Fintech’s risk assessment limited in highly regulated mortgage market
A third piece of research by Liu and Liang investigated the presumed advantage of fintech firms in risk assessment within the highly regulated environment of U.S. 30-year conforming mortgages (loans sold to Fannie Mae and Freddie Mac, the GSEs). While fintech lenders are celebrated for superior risk screening in unsecured consumer lending, this study questioned whether that advantage translates to the conforming mortgage market, which imposes stringent underwriting standards and rapid risk transfer.

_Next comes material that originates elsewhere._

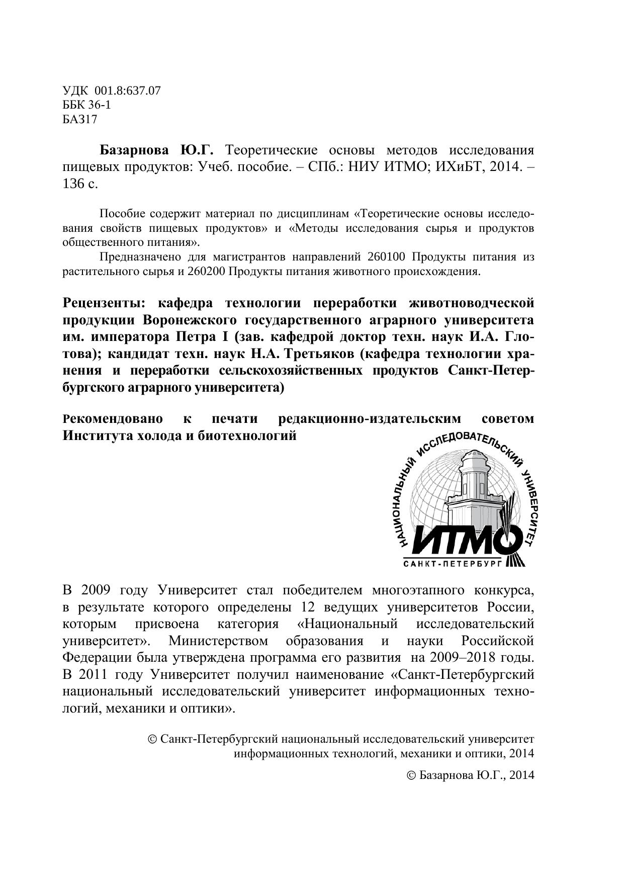 Пособие содержит материал по дисциплинам «Теоретические основы исследования свойств пищевых продуктов» и «Методы исследования сырья и продуктов общественного питания». Предназначено для магистрантов направлений 260100 Продукты питания из растительного сырья и 260200 Продукты питания животного происхождения.

In “Do Fintech Firms Excel in Risk Assessment for U.S. 30-Year Conforming Residential Mortgages? Liu and Liang examined how well lenders align their initial interest rates with actual loan performance (default or prepayment). The study, which was published in FinTech, concluded that fintech lenders do not demonstrate superior predictive accuracy compared to traditional banks and non-fintech non-banks. Fintech lenders' interest rates sorted borrowers less effectively, resulting in lower predictive accuracy for delinquency risks.
Furthermore, the research identified pricing misalignment within fintech portfolios. Fintechs charged higher rates to borrowers who remained current (the safest borrowers) and lower rates to those who eventually defaulted or prepaid early.
“Essentially, their pricing models have created a ‘flatter’ rate curve, meaning that the safest borrowers effectively paid a convenience premium, while higher-risk borrowers received an implicit discount relative to traditional bank pricing,” said Liu.
Liu and Liang attribute this underperformance and pricing inefficiency to structural frictions specific to the conforming market. The GSEs impose rigid underwriting standards that rely heavily on conventional metrics like FICO scores, Loan-to-Value (LTV), and Debt-to-Income (DTI), limiting fintechs’ ability to leverage their advanced analytics and alternative data. Additionally, because credit risk is quickly transferred through securitization, lenders prioritize loan origination volume and speed over granular risk differentiation. These constraints jointly weaken the incentive for fintechs to fine-tune risk-based pricing, demonstrating that technology's advantage is context-dependent and constrained by the regulatory environment.